The Israel Defense Forces’ coronavirus task force ‘Alon’ in its headquarters at the Home Front Command’s base in Ramle on September 9, 2020. (Israel Defense Forces)

In a fitting turn of events, the task force is currently operating out of what was once the Home Front Command’s simulator facility — a full building where the military would train local governments on how to respond to emergencies.

The Health Ministry and local governments are also assisting in this effort, with roughly 80 percent of the country’s municipalities employing at least some contact tracers, Hadar said.

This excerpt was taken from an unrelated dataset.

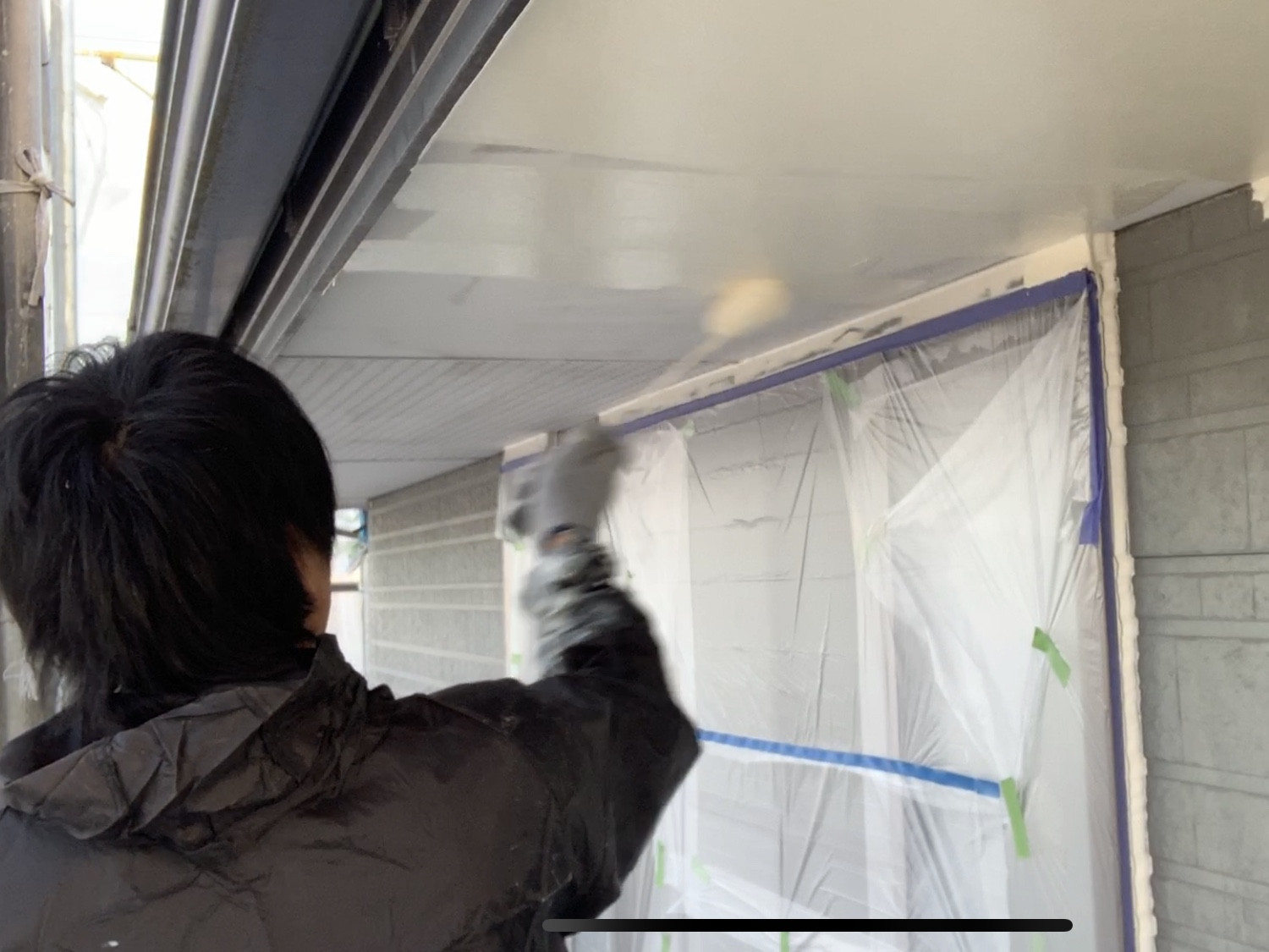 外壁塗装、屋根塗装の口コミで評判!香川県高松市の【ユウ建装】 2019/11/21 香川県木田郡三木町の本日の作業です。 塗料が飛散しないように窓や土間の養生をしっかり致します。 軒天井の塗装の1回目と2回目になります。防カビ材配合塗料をたっぷりと塗り込みカビの発生を抑制致します。 日本ペイントのケンエースを塗っていきます。 施工事例はこちらになります ブログ

According to Hadar, the “bottleneck” preventing an expansion of the epidemiological survey program is a shortage in the number of qualified nurses from the Health Ministry to train and supervise the military’s contact tracers.

As it is, he said, the military has already streamlined the training process down to one week and translated the originally English program into Hebrew to make it easier.

Though the military hopes to eventually be able to reach every confirmed carrier of the novel coronavirus, it is currently overwhelmed and forced to perform triage. According to Hadar, who has served in the unit almost since it was created in August, a few options were considered as a way to prioritize cases: focusing on the worst outbreaks; on areas where outbreaks were just beginning, to prevent them from getting worse; and on the most recent cases.

Israelis perform tests for the coronavirus at a Maccabi Test Center, in Ramle. October 5, 2020. (Yossi Aloni/FLASH90)

Ultimately, they settled on a “last in, first out” model, where the latest cases get contact tracing, and older cases are low priority.

“After four days or so the cases have already dispersed anyway,” Hadar said.

The contact tracers work in two eight-hour shifts, the first of which starts at about 9 a.m., with  the second ending at approximately 9 p.m. Though they operate seven days a week, they are mindful of whom they call on Shabbat, when most Jewish religiously observant people don’t answer the phone or use electricity.

Hadar said the unit hopes to make the effort more efficient going forward, with a more powerful data tracking system that is being designed by Military Intelligence’s famed Unit 8200. Going forward, for instance, those diagnosed with the disease will receive a text message with a questionnaire to start them thinking about where they have been and with whom they’ve been in contact before a surveyor calls them to complete the process. (According to Hadar, the questionnaire itself is insufficient. A trained person is required to ensure the accuracy of the answers.)

Even when the project is fully up and running next month, Hadar said it will be no replacement for “personal responsibility.”

“Don’t expect that the authorities will get to you because of a survey. If you hear that someone who you were close to tested positive, you have to go into quarantine in order to protect those around you. Get a referral and get tested,” he said.